Du même coup, après avoir dit la noblesse du métier d’écrire, j’aurais remis l’écrivain à sa vraie place, n’ayant d’autres titres que ceux qu’il partage avec ses compagnons de lutte, vulnérable mais entêté, injuste et passionné de justice, construisant son œuvre sans honte ni orgueil à la vue de tous, sans cesse partagé entre la douleur et la beauté, et voué enfin à tirer de son être double les créations qu’il essaie obstinément d’édifier dans le mouvement destructeur de l’histoire. Qui, après cela, pourrait attendre de lui des solutions toutes faites et de belles morales ? La vérité est mystérieuse, fuyante, toujours à conquérir. La liberté est dangereuse, dure à vivre autant qu’exaltante. Nous devons marcher vers ces deux buts, péniblement, mais résolument, certains d’avance de nos défaillances sur un si long chemin. Quel écrivain, dès lors oserait, dans la bonne conscience, se faire prêcheur de vertu ? Quant à moi, il me faut dire une fois de plus que je ne suis rien de tout cela. Je n’ai jamais pu renoncer à la lumière, au bonheur d’être, à la vie libre où j’ai grandi. Mais bien que cette nostalgie explique beaucoup de mes erreurs et de mes fautes, elle m’a aidé sans doute à mieux comprendre mon métier, elle m’aide encore à me tenir, aveuglément, auprès de tous ces hommes silencieux qui ne supportent, dans le monde, la vie qui leur est faite que par le souvenir ou le retour de brefs et libres bonheurs.

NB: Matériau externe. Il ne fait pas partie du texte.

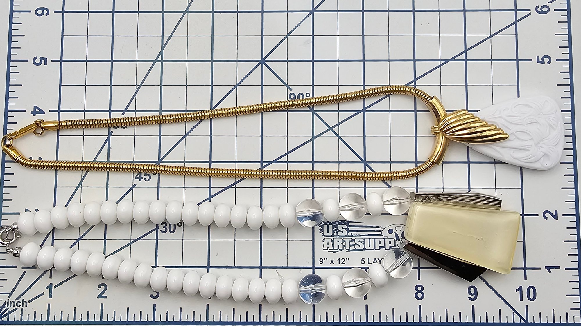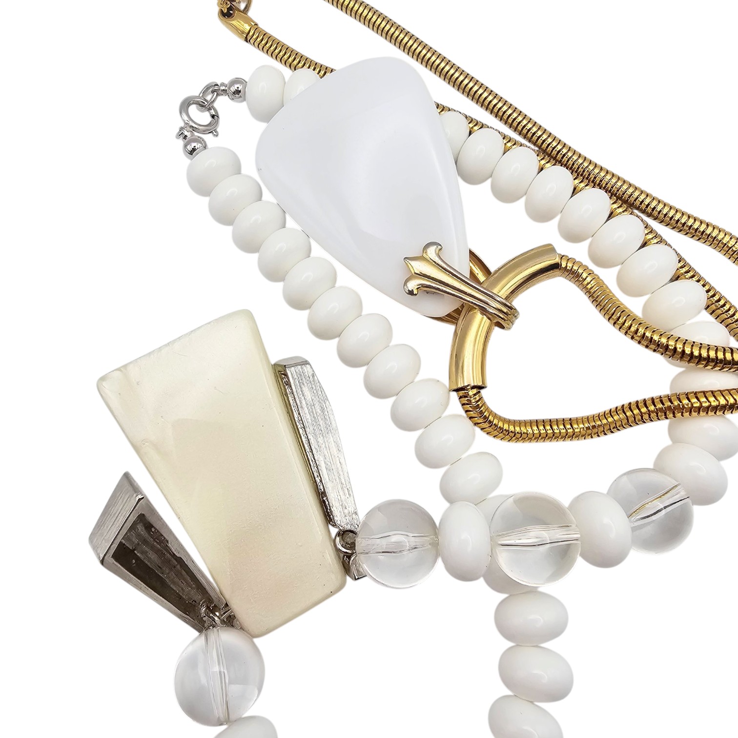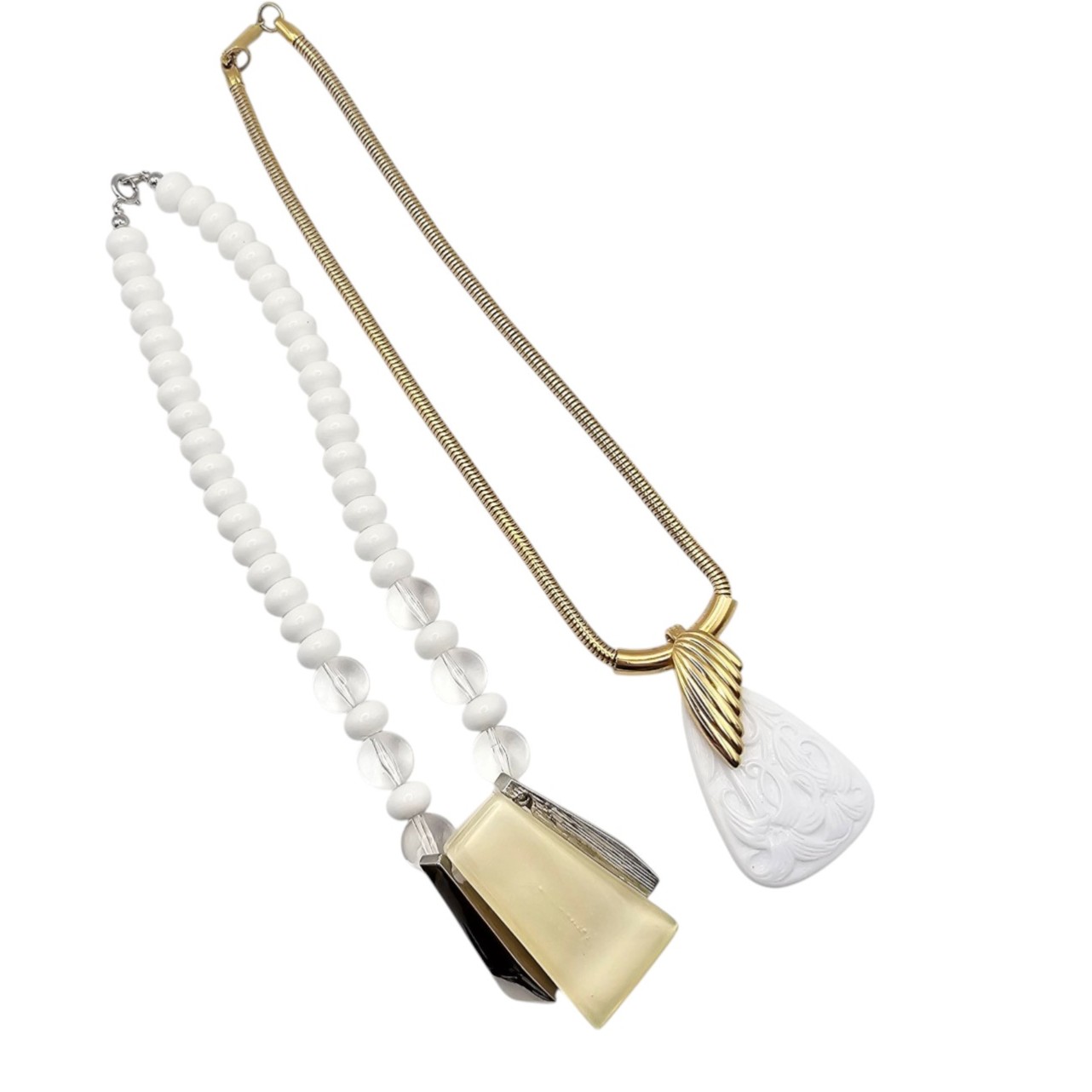 Lot 2 Gold Tone White Necklaces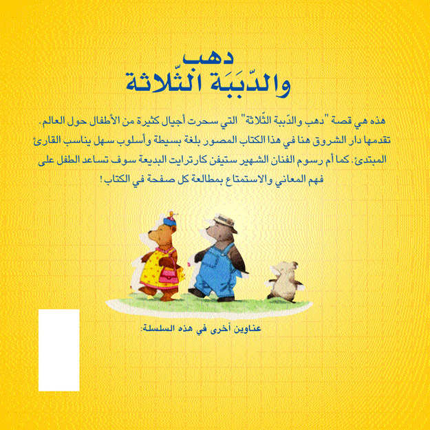 هذه قصة دهب والدببة الثلاث التي سحرت أجيالًا كثيرة من الأطفال حول العالم. قصة مُصوَّرة بلُغة بسيطة وأسلوب سهل يناسب القارئ المبتدئ. تتميز هذه السلسلة بأسلوبها المبتكَر في التدريب على القراءة، ففي أعلى كل صفحة هناك جُملة بسيطة يمكن للطفل أن يقرأها بنفسه ويتابع من خلالها القصة، وفي أسفل كل صفحة جملة أصعب قليلًا يقرؤها الأهلُ للطفل، أو يقرؤها هو عندما يصبح متمكنًا من القراءة. كما يمكن للطفل الذي لم يتعلم القراءة بعد أن يتابع أحداث القصة بسهولة من خلال الصور، فرسوم الفنان الشهير "ستيفن كارترايت" البديعة سوف تساعدُ الطفلَ على فَهْم المعاني والاستمتاع بالقصة، ولا تنسَ أن تبحث في كل صفحة عن البطة الصفراء الصغيرة!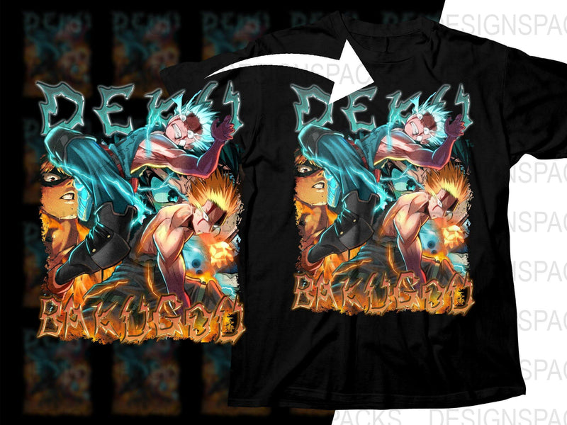 Get your hands on this high-energy anime-inspired T-shirt featuring dynamic illustrations of Deku and Bakugo, perfect for fans and casual wearers alike!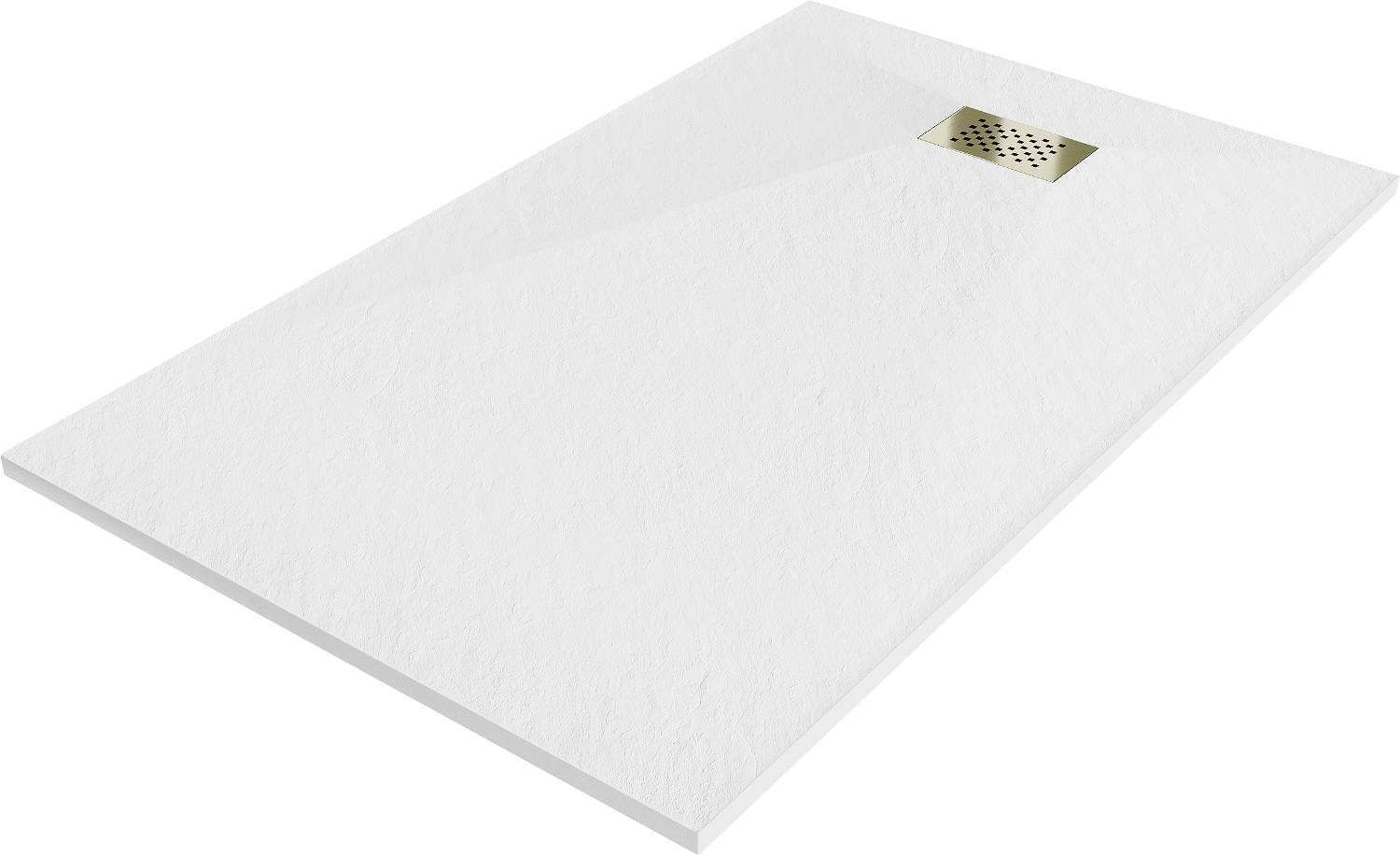 Mexen Hugo brodzik prostokątny SMC 140 x 70 cm, biały, maskownica złota - 42107014-G

Ramené ainsi à ce que je suis réellement, à mes limites, à mes dettes, comme à ma foi difficile, je me sens plus libre de vous montrer pour finir, l’étendue et la générosité de la distinction que vous venez de m’accorder, plus libre de vous dire aussi que je voudrais la recevoir comme un hommage rendu à tous ceux qui, partageant le même combat, n’en ont reçu aucun privilège, mais ont connu au contraire malheur et persécution. Il me restera alors à vous en remercier, du fond du cœur, et à vous faire publiquement, en témoignage personnel de gratitude, la même et ancienne promesse de fidélité que chaque artiste vrai, chaque jour, se fait à lui-même, dans le silence.